## Problem details
Write the following entries out again exactly, skipping each image.

Records from a data source
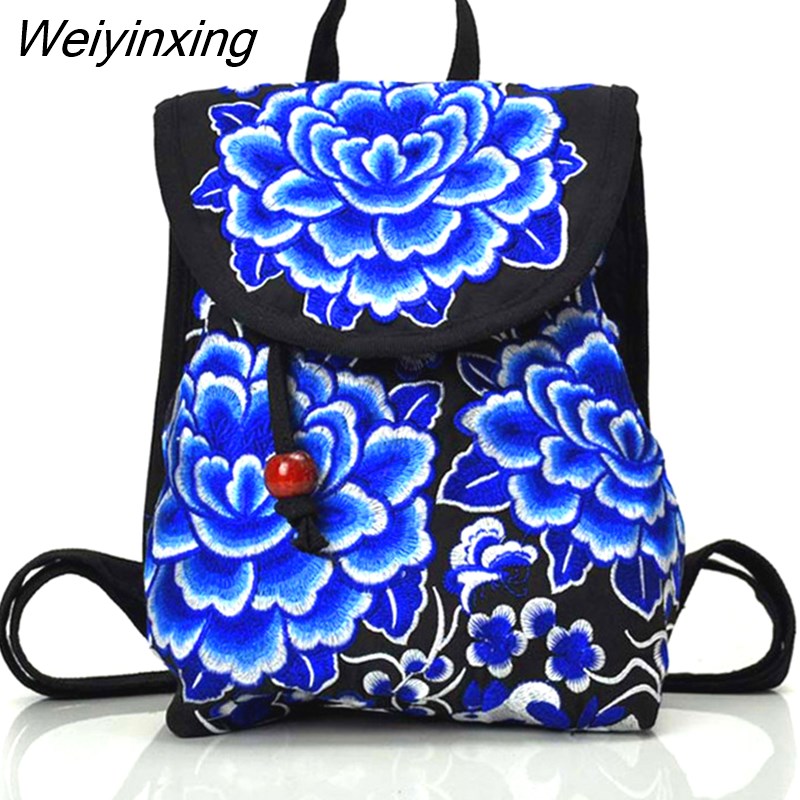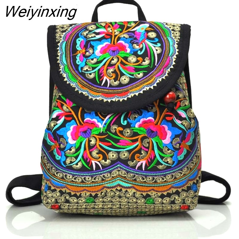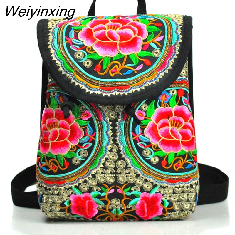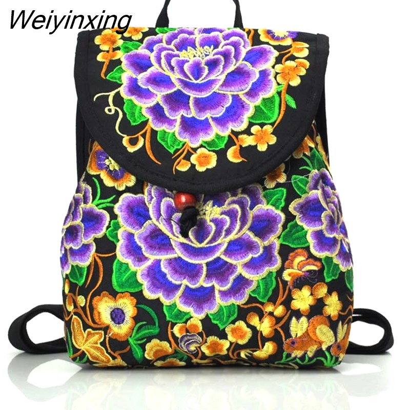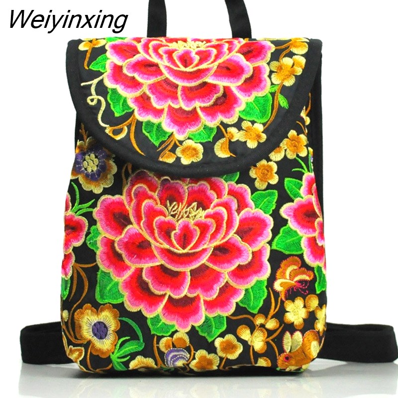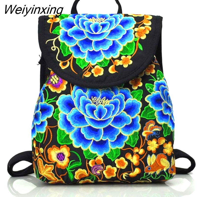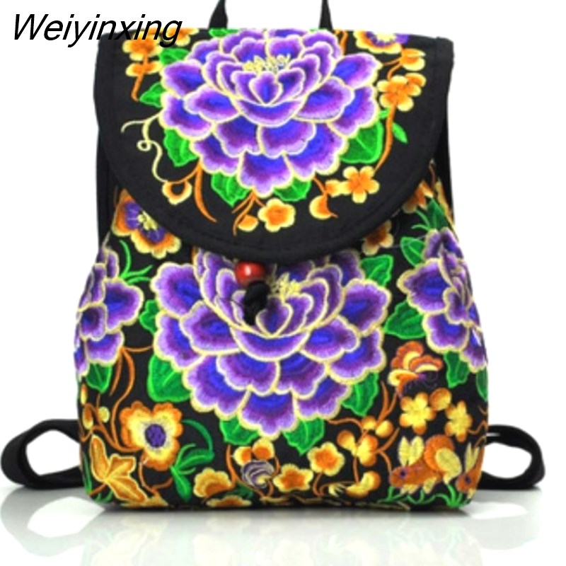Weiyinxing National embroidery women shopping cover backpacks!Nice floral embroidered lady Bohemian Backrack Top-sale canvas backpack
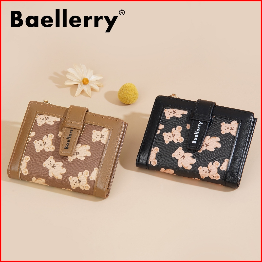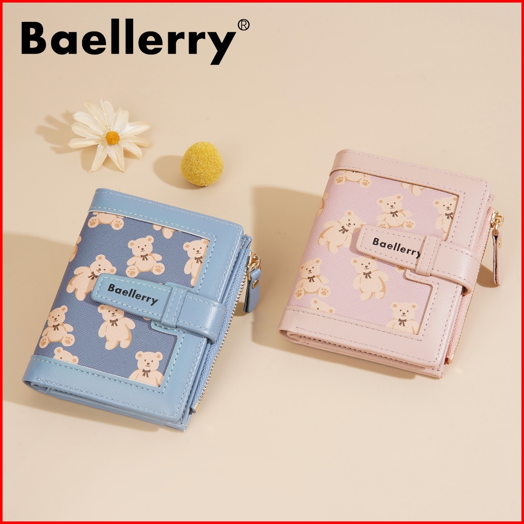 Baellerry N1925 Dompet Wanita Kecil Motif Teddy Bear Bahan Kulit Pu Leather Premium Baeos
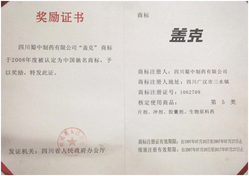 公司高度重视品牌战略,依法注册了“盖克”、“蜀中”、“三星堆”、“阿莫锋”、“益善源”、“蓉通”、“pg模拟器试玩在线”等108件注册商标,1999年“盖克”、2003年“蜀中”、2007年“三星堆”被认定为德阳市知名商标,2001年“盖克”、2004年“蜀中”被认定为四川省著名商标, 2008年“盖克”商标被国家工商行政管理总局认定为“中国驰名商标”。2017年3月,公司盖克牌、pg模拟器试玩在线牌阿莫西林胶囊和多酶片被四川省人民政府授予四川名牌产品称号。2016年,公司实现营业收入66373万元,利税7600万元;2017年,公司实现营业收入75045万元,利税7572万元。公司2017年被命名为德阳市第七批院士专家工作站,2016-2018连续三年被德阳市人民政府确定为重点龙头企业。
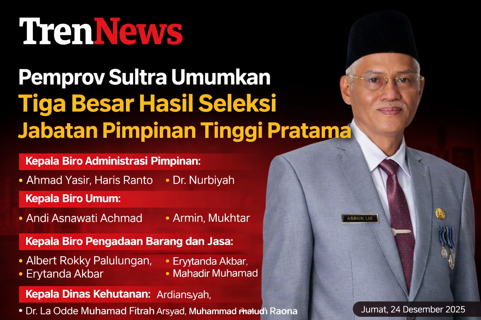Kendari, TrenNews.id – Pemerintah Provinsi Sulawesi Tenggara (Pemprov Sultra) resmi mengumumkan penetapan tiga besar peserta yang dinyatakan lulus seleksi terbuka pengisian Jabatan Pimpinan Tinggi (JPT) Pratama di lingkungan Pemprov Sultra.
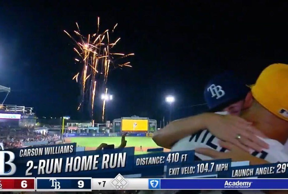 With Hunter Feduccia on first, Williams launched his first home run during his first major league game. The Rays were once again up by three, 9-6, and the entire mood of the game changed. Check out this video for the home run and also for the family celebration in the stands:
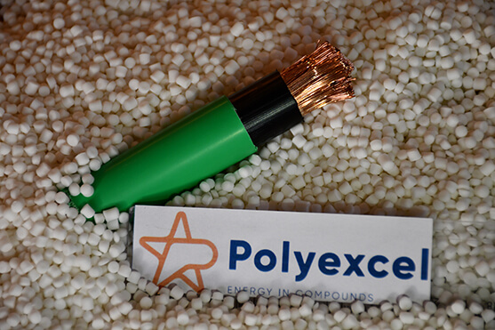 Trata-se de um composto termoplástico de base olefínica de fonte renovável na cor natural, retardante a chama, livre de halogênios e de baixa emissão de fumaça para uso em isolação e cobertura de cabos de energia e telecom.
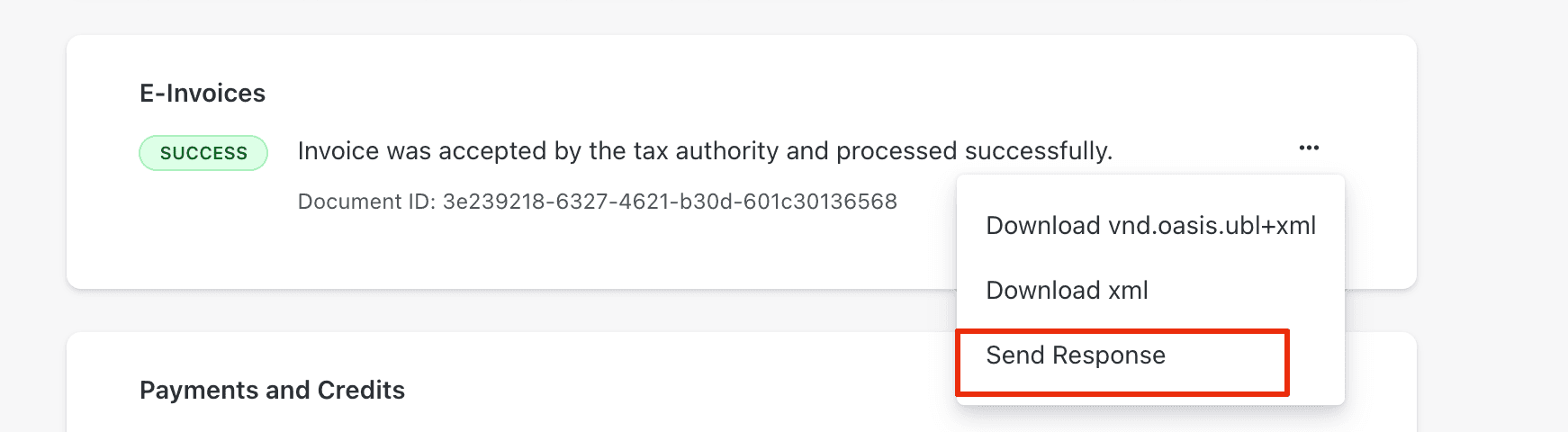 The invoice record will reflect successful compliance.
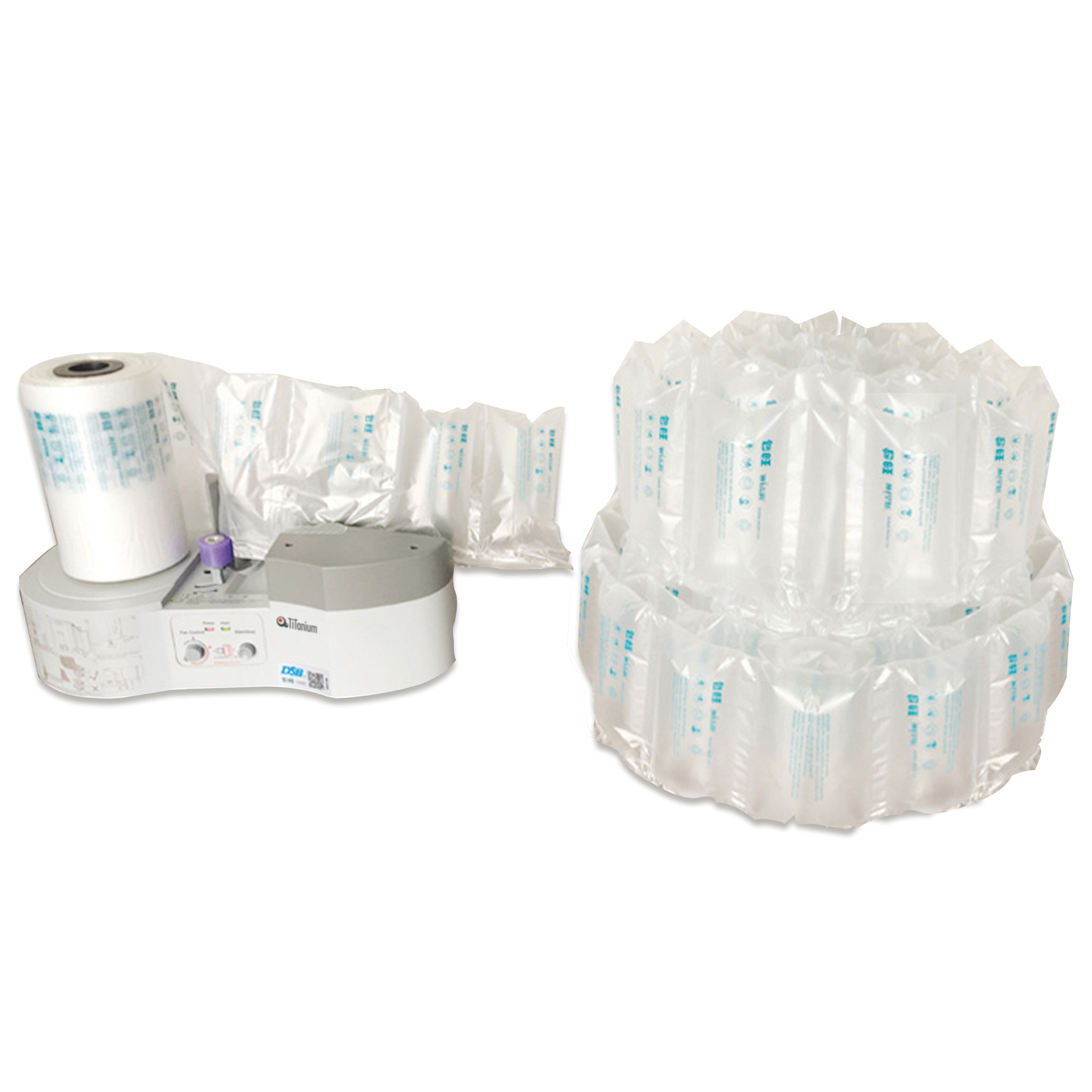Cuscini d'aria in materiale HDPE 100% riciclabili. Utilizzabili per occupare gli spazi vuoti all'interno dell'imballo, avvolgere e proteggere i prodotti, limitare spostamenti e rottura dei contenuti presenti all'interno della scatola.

## Written answer
Weiyinxing National embroidery women shopping cover backpacks!Nice floral embroidered lady Bohemian Backrack Top-sale canvas backpack
 Baellerry N1925 Dompet Wanita Kecil Motif Teddy Bear Bahan Kulit Pu Leather Premium Baeos
 公司高度重视品牌战略,依法注册了“盖克”、“蜀中”、“三星堆”、“阿莫锋”、“益善源”、“蓉通”、“pg模拟器试玩在线”等108件注册商标,1999年“盖克”、2003年“蜀中”、2007年“三星堆”被认定为德阳市知名商标,2001年“盖克”、2004年“蜀中”被认定为四川省著名商标, 2008年“盖克”商标被国家工商行政管理总局认定为“中国驰名商标”。2017年3月,公司盖克牌、pg模拟器试玩在线牌阿莫西林胶囊和多酶片被四川省人民政府授予四川名牌产品称号。2016年,公司实现营业收入66373万元,利税7600万元;2017年,公司实现营业收入75045万元,利税7572万元。公司2017年被命名为德阳市第七批院士专家工作站,2016-2018连续三年被德阳市人民政府确定为重点龙头企业。
Kendari, TrenNews.id – Pemerintah Provinsi Sulawesi Tenggara (Pemprov Sultra) resmi mengumumkan penetapan tiga besar peserta yang dinyatakan lulus seleksi terbuka pengisian Jabatan Pimpinan Tinggi (JPT) Pratama di lingkungan Pemprov Sultra.
 With Hunter Feduccia on first, Williams launched his first home run during his first major league game. The Rays were once again up by three, 9-6, and the entire mood of the game changed. Check out this video for the home run and also for the family celebration in the stands:
 Trata-se de um composto termoplástico de base olefínica de fonte renovável na cor natural, retardante a chama, livre de halogênios e de baixa emissão de fumaça para uso em isolação e cobertura de cabos de energia e telecom.
 The invoice record will reflect successful compliance.
Cuscini d'aria in materiale HDPE 100% riciclabili. Utilizzabili per occupare gli spazi vuoti all'interno dell'imballo, avvolgere e proteggere i prodotti, limitare spostamenti e rottura dei contenuti presenti all'interno della scatola.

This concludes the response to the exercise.